[ABOUT THIS EXERCISE] In the listing below, locate the line containing "スイートハートネックやパフスリーブがロマンチックなフレアワンピースです。" and copy it and every line after it through the end, exactly as written, leaving out any pictures.

*** Opening of DATA BLOCK ***

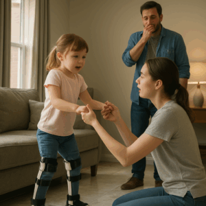 Alejandro looked at Lupita, who had looked down again. «Mateo, come here,» Alejandro said, kneeling down to his son’s level. The boy approached, leaning on his crutches.
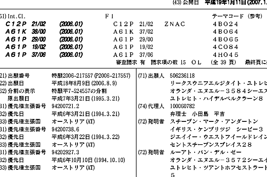 AT260295T | AU1995019628A1 | AU699007B | CA2185826A1 | CA2185826C | DE69532605D1 | DE69532605T2 | DK0751957T3 | EP0751957A1 | EP0751957B1 | ES2216009T3 | JP1997511239A | JP2007000147A | PT751957E | WO1995025744A1
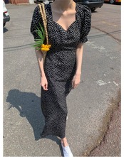 スイートハートネックやパフスリーブがロマンチックなフレアワンピースです。
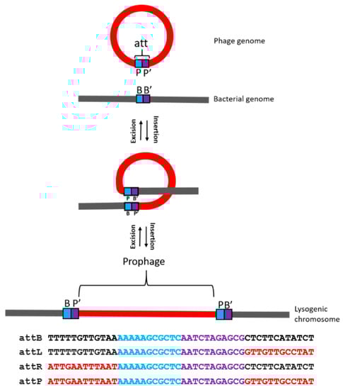 Temperate phages which enter lysogeny maintain a long-term association with their host bacteria if they produce a mutually beneficial interaction that support efficient reproduction of both phages and bacteria []. The phages integration into the host genome is a crucial step in the lysogenic cycle and is mediated by the integrase protein, a DNA recombinase encoded by bacteriophages, at a distinct bacterial genome attachment site (attB), which is identical to an attachment site (attP) of the prophage genome []. Prophages do not integrate randomly into the host genomes. For example, prophages encoding a tyrosine integrase are usually integrated next to their host tyrosine tRNA gene and the palindromic structures of those temperate phages allow their integration within the bacterial genome [].

*** Close of DATA BLOCK ***

[EXPECTED ANSWER]
 スイートハートネックやパフスリーブがロマンチックなフレアワンピースです。
 Temperate phages which enter lysogeny maintain a long-term association with their host bacteria if they produce a mutually beneficial interaction that support efficient reproduction of both phages and bacteria []. The phages integration into the host genome is a crucial step in the lysogenic cycle and is mediated by the integrase protein, a DNA recombinase encoded by bacteriophages, at a distinct bacterial genome attachment site (attB), which is identical to an attachment site (attP) of the prophage genome []. Prophages do not integrate randomly into the host genomes. For example, prophages encoding a tyrosine integrase are usually integrated next to their host tyrosine tRNA gene and the palindromic structures of those temperate phages allow their integration within the bacterial genome [].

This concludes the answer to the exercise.